Les deux visages de l’euro
De tous les hommes politiques européens qui n’ont jamais dirigé leur pays, Jacques Delors et Wolfgang Schäuble ont eu le plus grand impact sur l’Europe. À eux deux, les deux hommes, décédés à un jour d’intervalle en décembre, ont façonné l’Union européenne d’aujourd’hui, avec ses défauts.

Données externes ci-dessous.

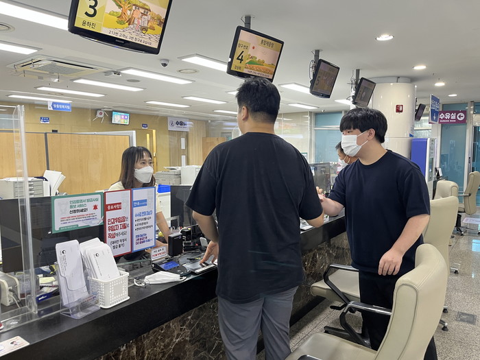 경기 양주시 양주2동 행정복지센터는 최근 고읍지구대와 함께 민원인의 폭언·폭행 등 비상상황 발생시 대응할 수 있도록 자체 모의훈련을 실시했다. 사진은 이날 직원들이 비상상황 발생 대응 모의훈련을 하고 있는 모습. (사진제공=양주시청)

ATHENES – De tous les hommes politiques européens qui n’ont jamais dirigé leur pays, Jacques Delors et Wolfgang Schäuble ont eu le plus grand impact sur l’Europe. À eux deux, Delors et Schäuble, décédés à un jour d’intervalle en décembre, ont façonné l’Union européenne d’aujourd’hui, avec ses défauts. Leurs mandats ne se chevauchaient pas vraiment, mais leurs âpres affrontements sur l’avenir de l’Europe sont entrés dans l’histoire. Et même si l’importance de ces deux hommes est largement reconnue, le lien de causalité étroit entre leurs visions contradictoires et la crise actuelle de l’UE n’est pas bien compris.

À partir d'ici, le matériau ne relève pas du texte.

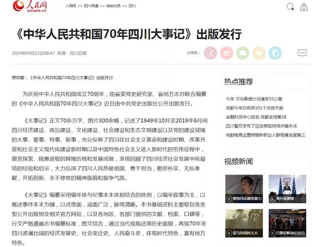 2019年9月22日,人民网转载当日《四川日报》报道:《中华人民共和国70年四川大事记》出版发行

À en juger par les différentes nécrologies, on se souvient des deux hommes pour leurs différences apparentes : Delors, le flamboyant français, catholique et social-démocrate dont le rêve d’une Europe keynésienne était le cauchemar du Premier ministre britannique Margaret Thatcher ; et Schäuble, l’austère avocat allemand dont le calvinisme fiscal terrifiait les ministres des Finances d’Europe du Sud, ainsi que les ministres des Finances français, qui dépensaient en déficit. Alors que tous deux ont été reconnus comme des Européens remarquables, et donc des ennemis des eurosceptiques, Delors est décrit comme le centralisateur le plus impatient, contrastant fortement avec Schäuble, qui était réticent à céder les pouvoirs du parlement allemand à Bruxelles.
Rien de tout cela n’est faux. Mais la description des motivations et des actes des deux hommes qu’elle nous laisse est incomplète – et peut-être trompeuse.